Wednesday, January 29, 2014

Tasmania! Part 2



Fortescue National Park

Tasmania Part -2
We drive inland away from the coast and vacation crowds to find beautiful rolling hills dotted with grazing sheep and cattle. We drive through ranches,  orchards and vineyards.  This is dairy country much like our home in Sonoma County, California.
Sheep, sheep and more sheep....

I hear the "Bonanza" theme song.... where's Little Joe?

Freshly cut hay rolled in the fields.
A Campbell in Campbell Town
We drive through historic Campbell Town famous for the Red Bridge built in late 1800’s by convict labor.  This is the dark history of Australia and Tasmania when England sent convicts to these islands for life.  They built everything; bridges, roads, buildings and worked in the mines, or cleared forests. Today the convicts are honored for their labor, but of course during those times it was gruesome conditions and many died doing slave labor. Campbell Towns Bridge was built with some 1.2 million hand made bricks.  There is with a memorial plaque to remind us.  They say 4 out of 5 Tasmanians have convicts in their ancestry!  In Campbell Town is a path along main street of memorial bricks with each convicts name, where they came from ( mostly England) the crimes committed and the sentence given….most died as prisoners, but some paid off their debt to society and were given freedom.
Red Bridge in Campbell Town built by convicts.

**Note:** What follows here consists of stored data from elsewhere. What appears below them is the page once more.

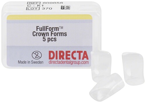 Transparenta kronformar av stark, laminerad plast. Finns med F-, OP- och C-kodning.
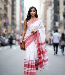 White & red fancy cotton handloom saree with blouse piece for women
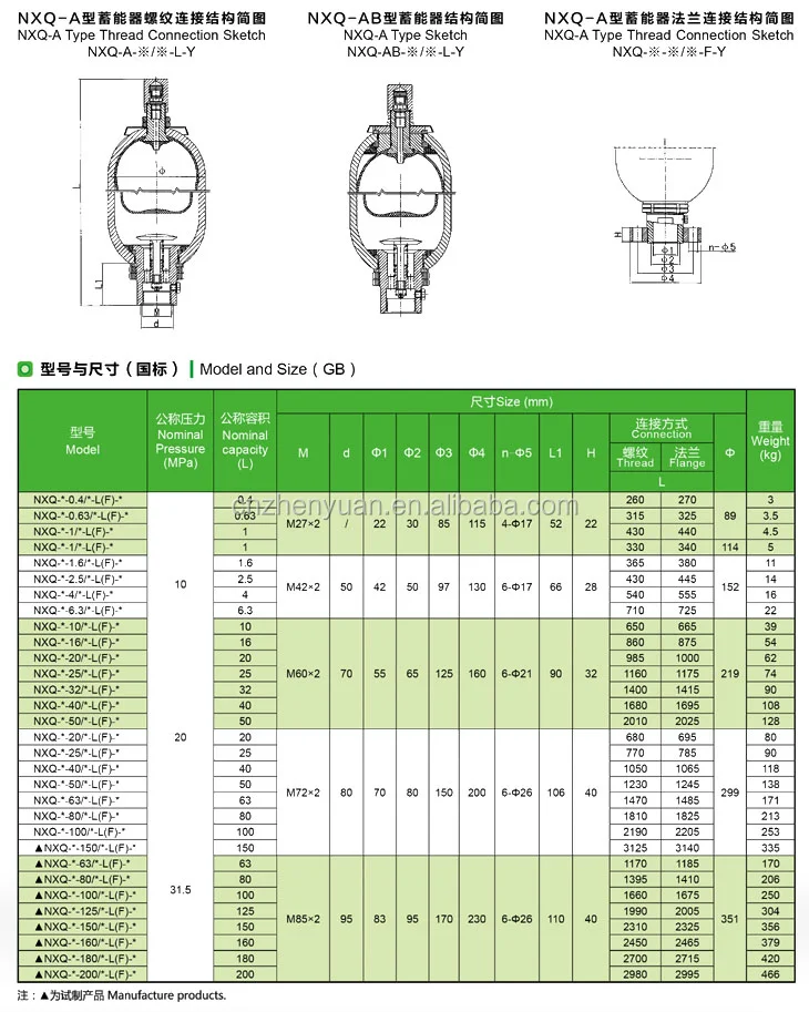 | Model Number | NXQ-A-0.4L, NXQ-A-0.63L, NXQ-A-1L, NXQ-A-1.6L, NXQ-A-2.5L, NXQ-A-4L, NXQ-A-6.3L, NXQ-A-10L |
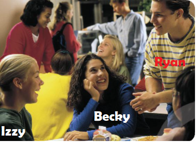 (Bạn trai đang đứng là Ryan. Hai bạn gái đang ngồi là Izzy và Becky.)

I found the crimes interesting and minor and not fitting of the sentences levied, yet England was overcrowded and needed people to colonize their new territories…so went the convicts to Australia and (estimated 70,000) to Tasmania .
Campbell Town Brick Trail memorial
Interesting crimes committed....

Stole a bag of wheat to feed his 15 children...10 years for the crime!

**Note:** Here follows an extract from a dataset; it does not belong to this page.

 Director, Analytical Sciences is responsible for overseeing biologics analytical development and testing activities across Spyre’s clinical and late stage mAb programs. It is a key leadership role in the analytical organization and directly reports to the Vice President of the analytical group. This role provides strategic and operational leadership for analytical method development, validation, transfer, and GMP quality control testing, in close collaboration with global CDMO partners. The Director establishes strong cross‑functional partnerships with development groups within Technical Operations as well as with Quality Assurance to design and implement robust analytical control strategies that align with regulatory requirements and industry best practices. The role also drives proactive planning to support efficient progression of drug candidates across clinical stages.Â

Another sign of the poverty in those days...
We drive trough wide-open spaces…and poppy fields!  Tasmania produces 50% of the worldest  medicinal opium! Electric fencing protects the fields. And a big “KEEP OUT” sign posted.
Blooming poppy fields.  Tasmania grows large export of medicinal opium.
 Mining is still a big industry here, too with gold being the first big discovery as well as tin, copper and other minerals. Each new discovery brought new waves of settlers and towns grew up along the route to the shipping ports. Forests are still clear cut, chipped (pine or eucalyptus) and exported for paper.

Once we got off the main tourist route onto interior side roads we discovered the “under pants” the ugly remains of logging and mining that has scarred the countryside.

One place in particular, Queenstown is still a working copper mining town.  We were so depressed by the scarred hills, we just drove on through (sorry no photos).  I can only describe the vast canyon hole and barren hills left from acid rain surrounding the town was ugly and depressing to see.  The King river that runs through town is colored orange from years of copper runoff.   There are no fish and the vegetation is sparse.  The coppers mine have changed mining practices for the better, but they say it will be years before vegetation comes back to the hills..  We pulled into this town looking like it was struggling to survive with worn out homes and people... we decided to drive on through...
The Kroll, a cat-like-raccoon creature raids our camp!
Anyway, we get cranky if we don’t have a campsite for the night. The Adventure in a camper van.…where will we camp for the night? We don’t mind staying in the rough for one or two nights, but after that, we really would like a shower and proper toilets…and Internet? That would be nice,  but we drive on and end up camping next to the boat ramp on a fishing reservoir.  Nice.  That night we were raided by the curious Kroll, a cat-like creature with spots!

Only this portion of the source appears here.